Geyer’s work is augmented by Revolt, They Said which extends beyond the women to those they touched. As an exhibition about women, it impacts the viewer with the undeniable realization that women are not only part of this world but influencers of it. Obviously in this century and day, the realization that women are sentient beings should be a no-brainer, but the push back against feminism says otherwise.
I’m still at a loss for how anyone can argue against a movement that was developed and has stood to create an equal playing field for all human beings. Those who cry that it is attempting to emasculate or steal away men’s rights, usually are coming from an ideology that still believes in the necessary oppression of women to gain whatever men want and continue society moving forward in that manner. It ignores the multi-gender truth of humanity, or that gender and anatomy are not things that define ability or intelligence.
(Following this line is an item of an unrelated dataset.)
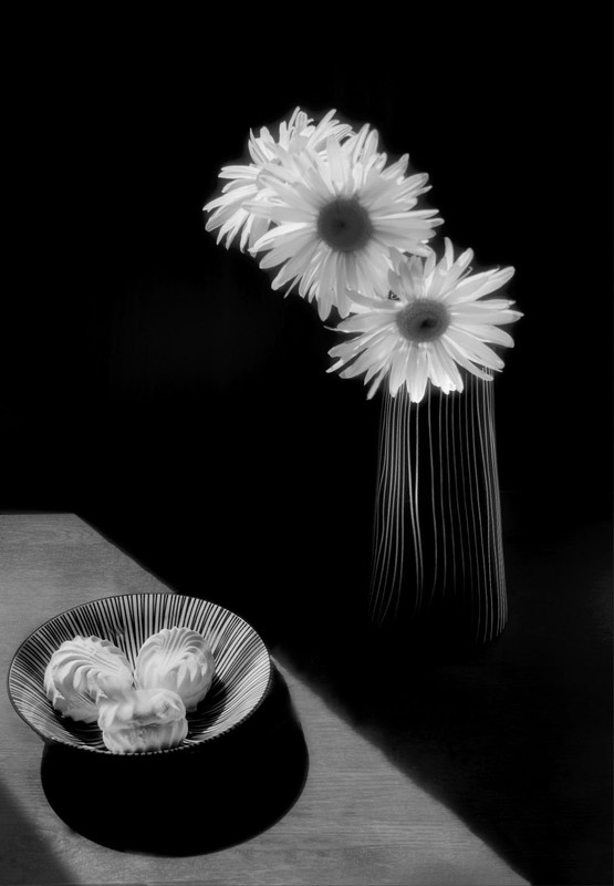 Троицкий Андрей, Как говорится "на вкус и цвет..." Полоски листочков хризантемы перекликаются с полосками зефира...А также полоски на вазе и полоски на чашке инвертируются по цвету и хорошо перекликаются! С гастрономической точки зрения не рассматриваю! Улыбка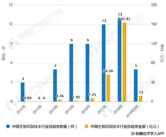 2012-2019年8月中国生物识别技术行业投融资数量、金额统计情况

To believe so is to believe in the precepts of eugenics—the things that are used against people of color to justify their subjugation and erasure; the things used against various religions to dominate and erase them. In other, simpler and vulgar terms, humans do not do mathematical equations with their genitals. Genitals have quite a different purpose—although basement dwelling, mammoth hunters seem to confuse the purpose of that part of their anatomy with brains.
Art installations like this one, are the movers of cultural temperature and aim. Quite frankly, the more that MoMa and other houses refresh our memories about the human past, the more we’re going to do what is necessary to make things better by just simply giving us ah-ha moments to which we can not only point but reflect on our bias.